Asia’s tightening tech landscape is beginning to reshape European hardware in real time. A disruption in the Taiwan Strait wouldn’t just move containers; it would hit chips, minerals and manufacturing flows Nordic companies rely on. The next shock will be harder to predict. And much harder to design around.

Europe can no longer treat geopolitics as something happening elsewhere. Taiwan still dominates advanced semiconductor manufacturing. Counterpoint Research estimates that TSMC controlled around 71 % of the global advanced-node foundry market as of Q2 2025. And the Economics Observatory notes that over 90 % of the world’s most advanced logic chips were still produced in Taiwan’s ecosystem by 2023.

As AMD CEO Lisa Su put it in a July 2025 interview with Bloomberg:

“We have to consider the resiliency of the supply chain… not just the lowest cost, but also reliability and resiliency.”

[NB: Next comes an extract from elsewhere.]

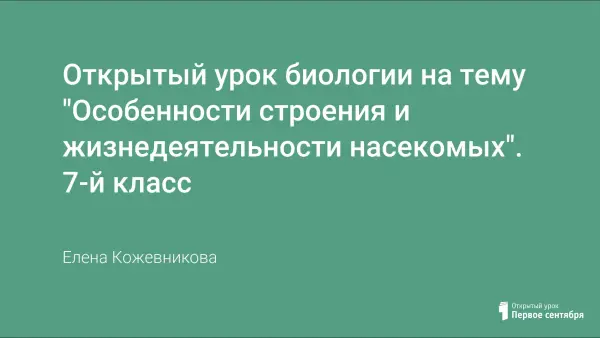 На уроке учащиеся выясняют, какое значение имеют насекомые в природе и жизни человека, изучают особенности строения и жизнедеятельность насекомых, знакомятся с их разнообразием. У детей развиваются внимание, память, мышление, речь, взаимовыручка. Формируется чувство прекрасного, бережное отношение к насекомым.

A disruption in the Strait would ripple into Nordic robotics, power electronics, industrial controls and energy systems. Even partial interruptions could generate multi-percentage global GDP shocks, accordning to HCSS.

Regulatory pressure is rising too. The US, Japan and EU are tightening export controls on semiconductor equipment. China has countered with restrictions on critical minerals. In December 2024, Reuters reported that Beijing had banned exports of gallium, germanium and antimony These materials sit deep inside Nordic innovation: motors, magnets, batteries, photonics and defence electronics.

Semiconductors are only the first layer of exposure. China still refines much of the world’s rare earths and critical minerals used in motors, specialist alloys and energy systems. The EU’s 2024 Critical Raw Materials Act underscores just how concentrated global refining remains.

Nordic countries are building alternatives — new mines, cathode and anode capacity, metals recycling — but these chains are still early and cannot fully absorb a sudden shock. Customer exposure adds another constraint: many Nordic hardware firms sell into markets tied to Chinese industrial chains, especially in EVs and automation. As national-security rules expand, commercial logic will increasingly collide with geopolitical boundaries.

Resilience compounds

For founders, this is no longer a question of broad awareness but of engineering decisions. A geopolitical audit of the bill of materials often reveals concentration risks teams didn’t know they had. Mapping components to origin, refining steps and export-control exposure is becoming as necessary as cost modeling.

Design flexibility is now strategic. Supporting multiple chip families, avoiding single-source alloys or magnet types and designing PCBAs that tolerate substitution add complexity early but reduce fragility when supply chains shift. In a system shaped by geopolitics, resilience compounds.

Procurement must evolve as well. Supplier assessments cannot stop at price and delivery metrics. Ownership structure, regulatory exposure and geographic clustering increasingly determine operational continuity. Critical suppliers need to be treated as long-term partners, not interchangeable line items.

As Thierry Breton wrote in a November 2025 Guardian op-ed on Europe’s digital sovereignty:

“It must invest in research and critical infrastructure: sovereign cloud services, networks and satellites, semiconductors.”

Most Nordic companies are too small to operate fully under both US and Chinese regimes. Choosing a primary regulatory “home” early reduces the risk of forced pivots as dual-use classifications expand.

The global shift from efficiency to resilience favors regions with stable energy, engineering strength and predictable institutions — strengths the Nordics already possess. But advantage is not automatic. It depends on whether companies design for a world where geography now sits inside the product.

Whether geopolitics enters the building as a headline from the Strait or as an ERP alert reading “backorder – delivery unknown” depends very much on how prepared teams choose to be.